## DIRECTIONS
Beginning with the line containing "PCGS硬幣評級數(shù)量報告( .." and going on through the line containing "Crafted in bronze", the lines below are to be returned exactly, pictures excluded and nothing added.

======== DATA TO USE

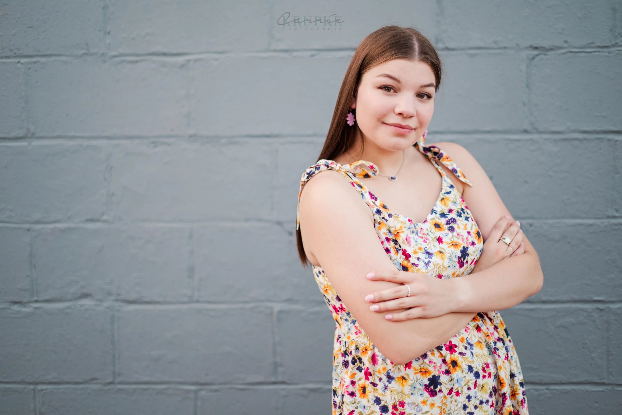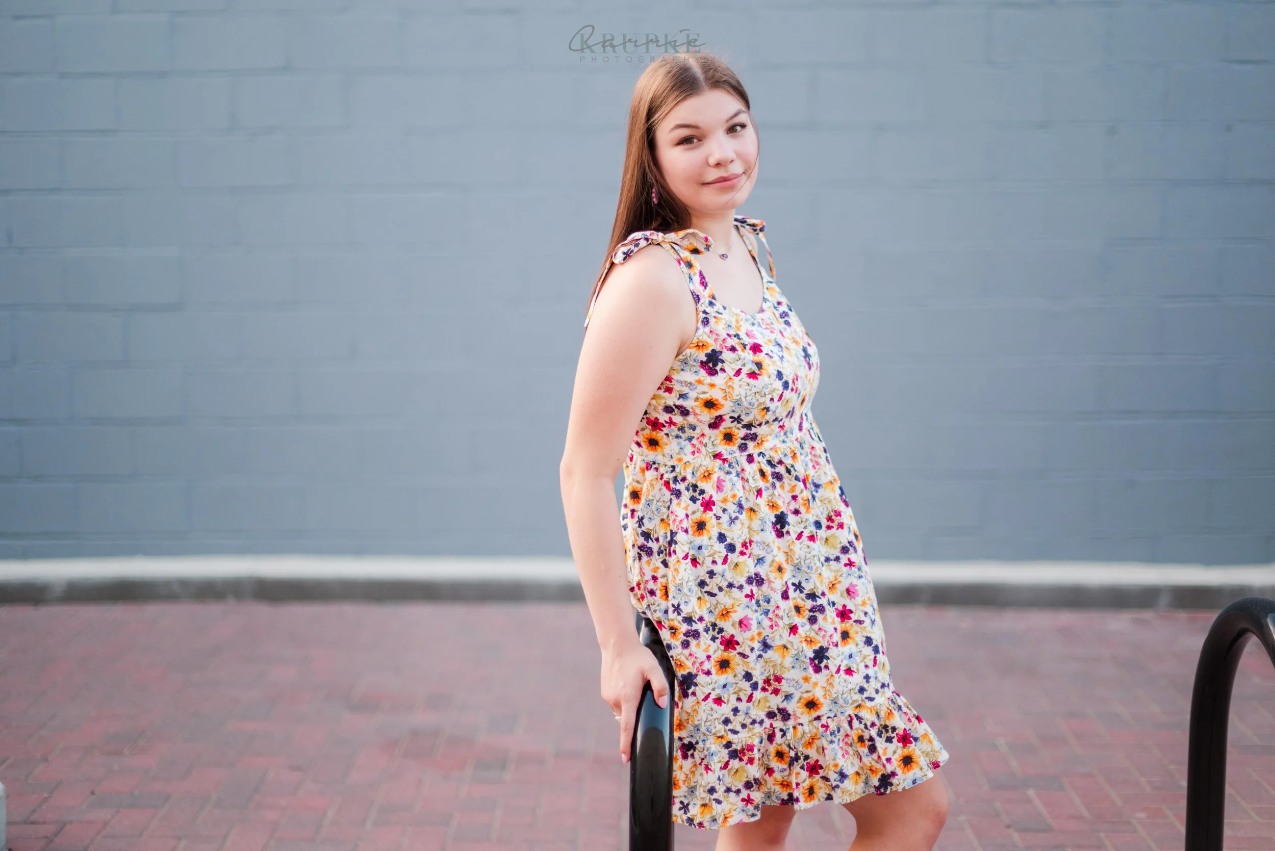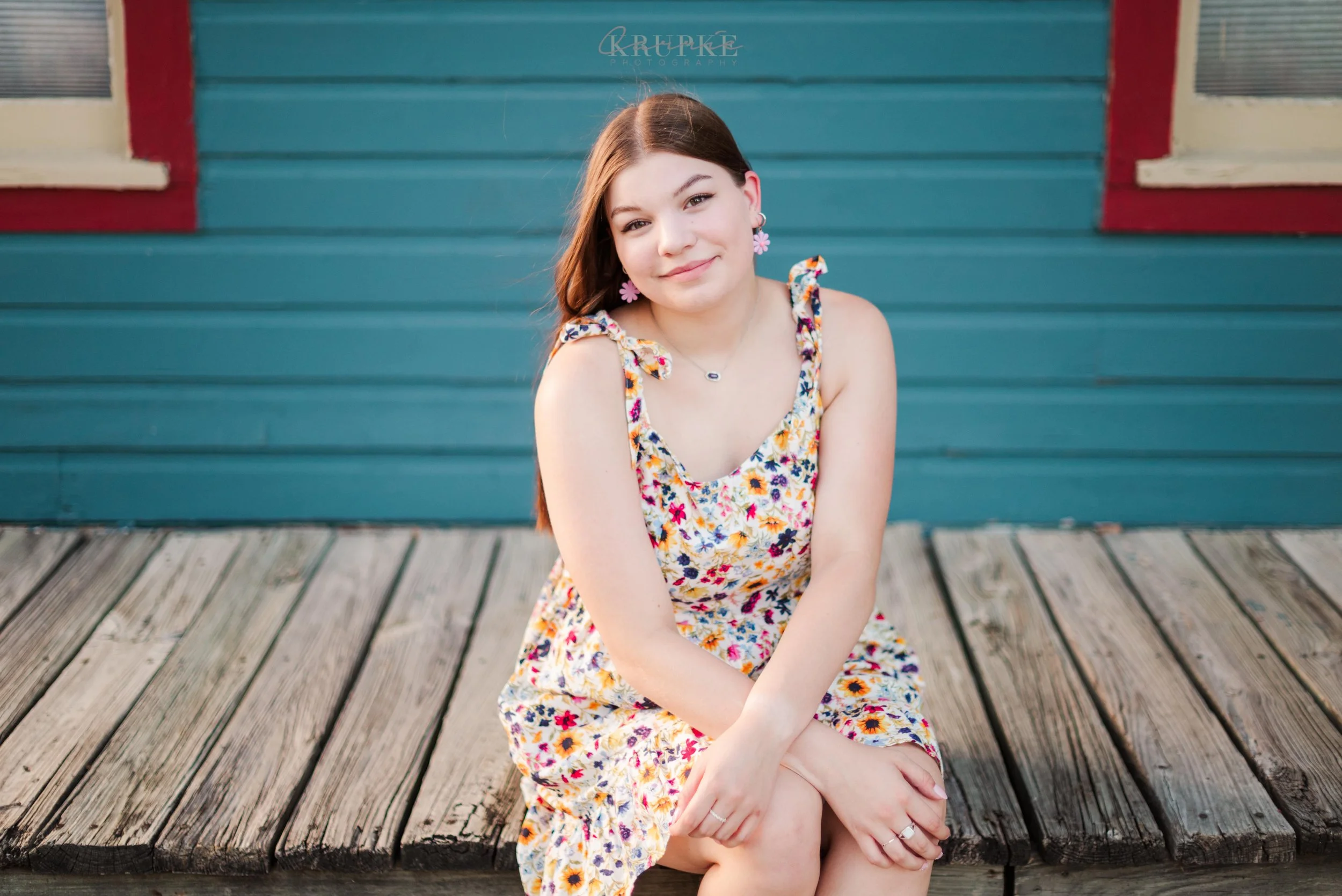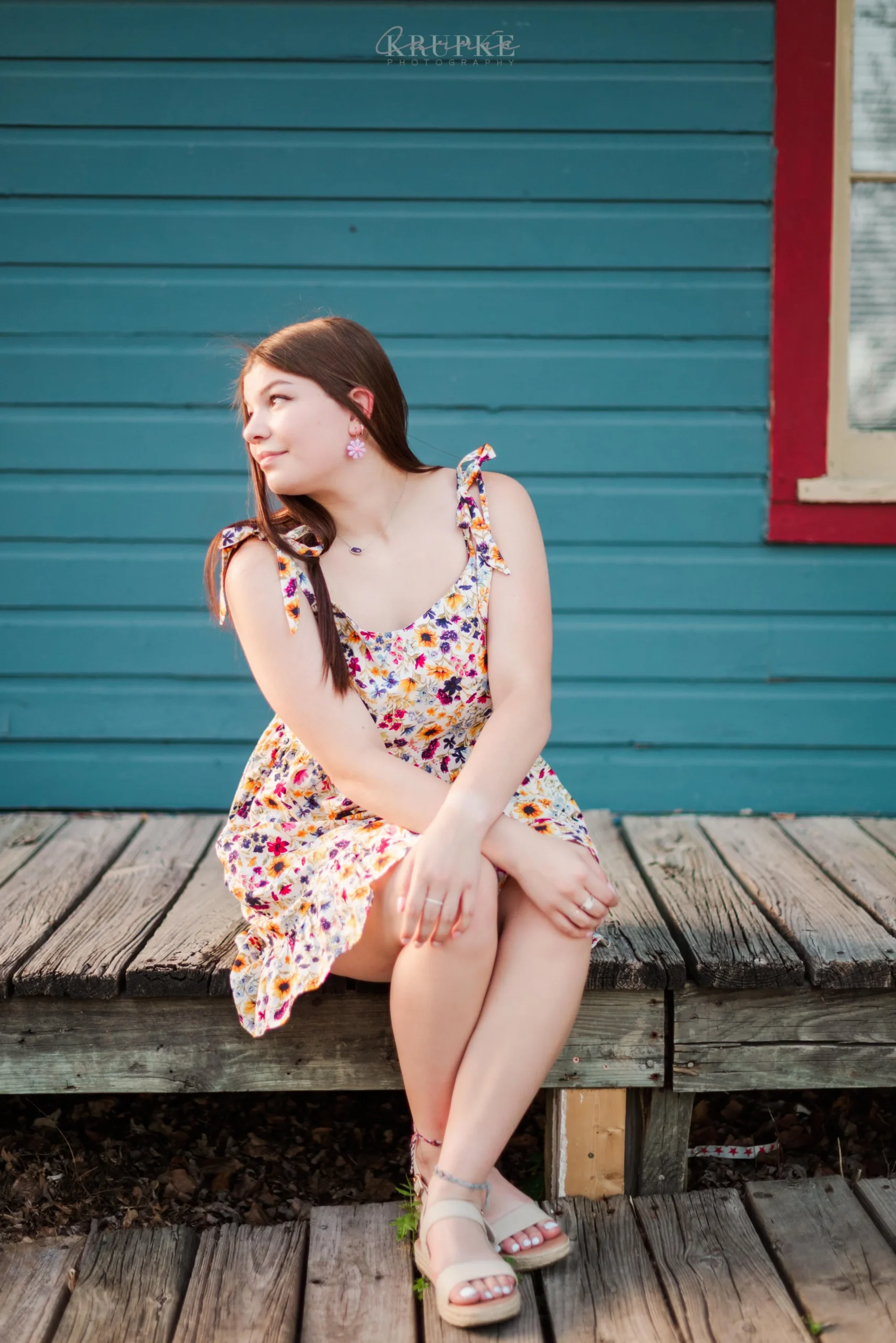 After a quick jaunt to the Des Moines Playhouse where we used its exterior, we headed to Valley Junction and chased down different pockets of light and backgrounds that worked with whichever outfit(s) she had:
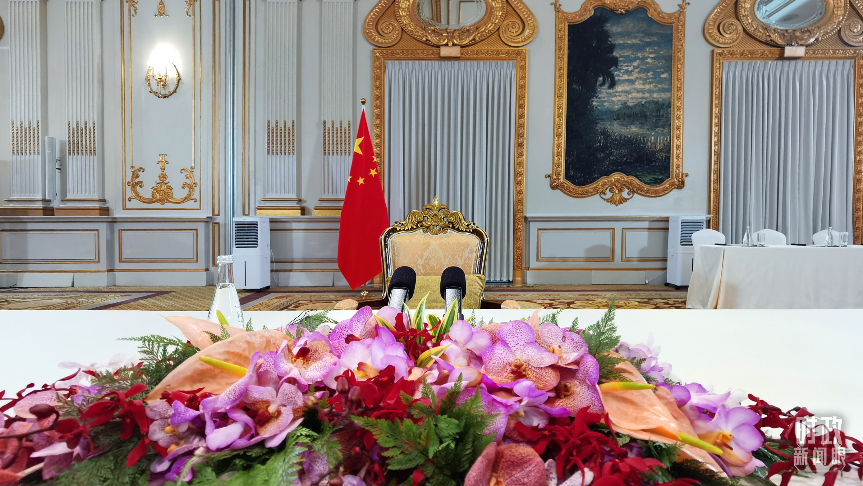 △中文会见开始前的现场。(总台央视记者郭鸿拍摄)
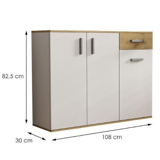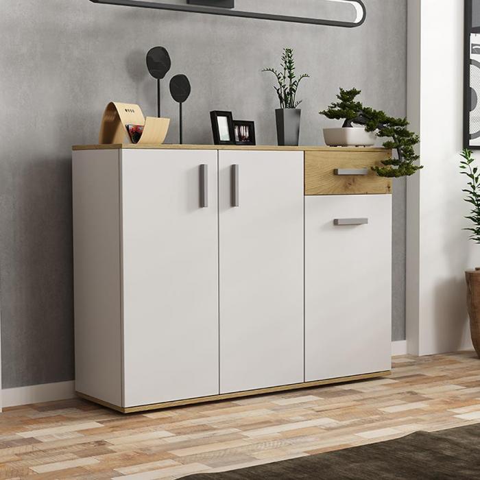 Komoda Justus wpasuje się w każdą przestrzeń. Posiada zamykane szafki oraz 1 szufladę, które pozwolą na odpowiednie zagospodarowanie. Justus doskonale odnajdzie się w każdym pomieszczeniu, również w jadalni czy salonie.
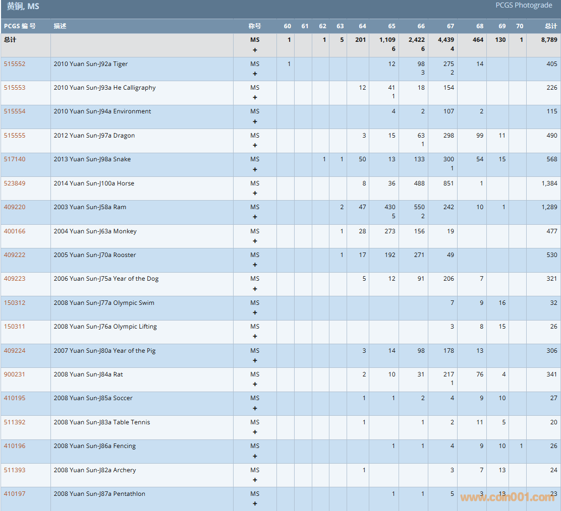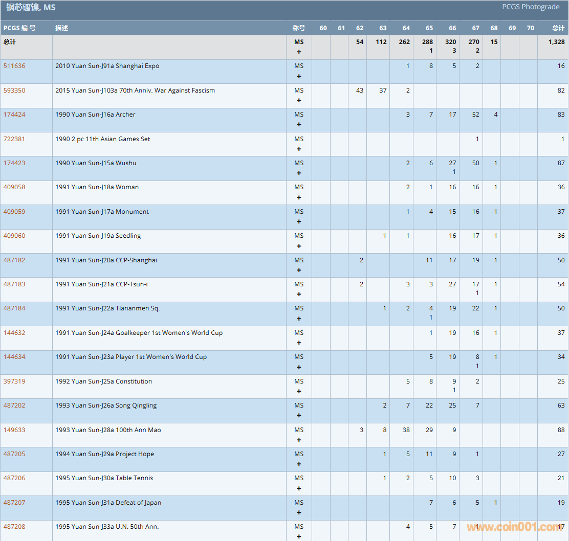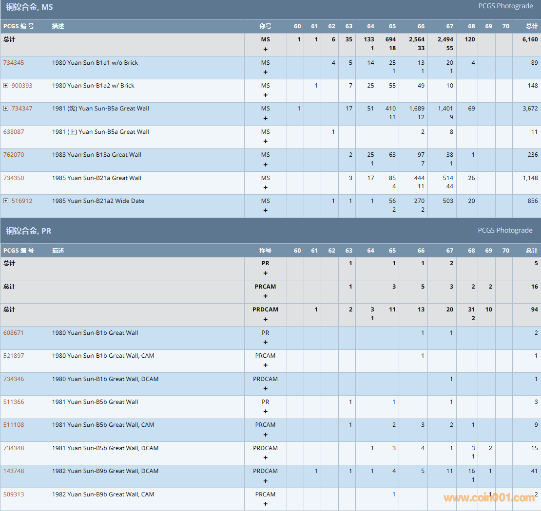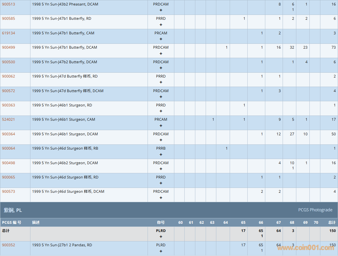 PCGS硬幣評級數(shù)量報告( ..
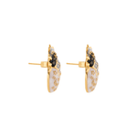 Crafted in bronze metal and 925 sterling silver pins, 18 karat gold plated, black rhodium plated and zircon inlay, with select enamel accents
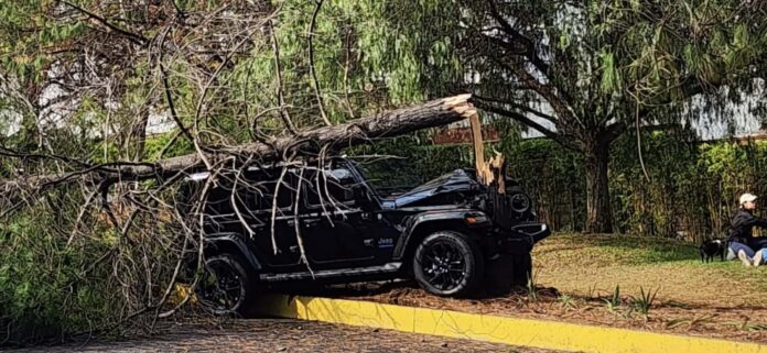 El segundo incidente sucedió en las cercanías de la Glorieta Juan Pablo II, en la zona de Altozano. En el sitio se observó que una camioneta Jeep, color negro, se salió de control, trepó al camellón central y derribó un árbol; el conductor resultó levemente lesionado.

================

## RESULT OF THIS EXERCISE
 PCGS硬幣評級數(shù)量報告( ..
 Crafted in bronze metal and 925 sterling silver pins, 18 karat gold plated, black rhodium plated and zircon inlay, with select enamel accents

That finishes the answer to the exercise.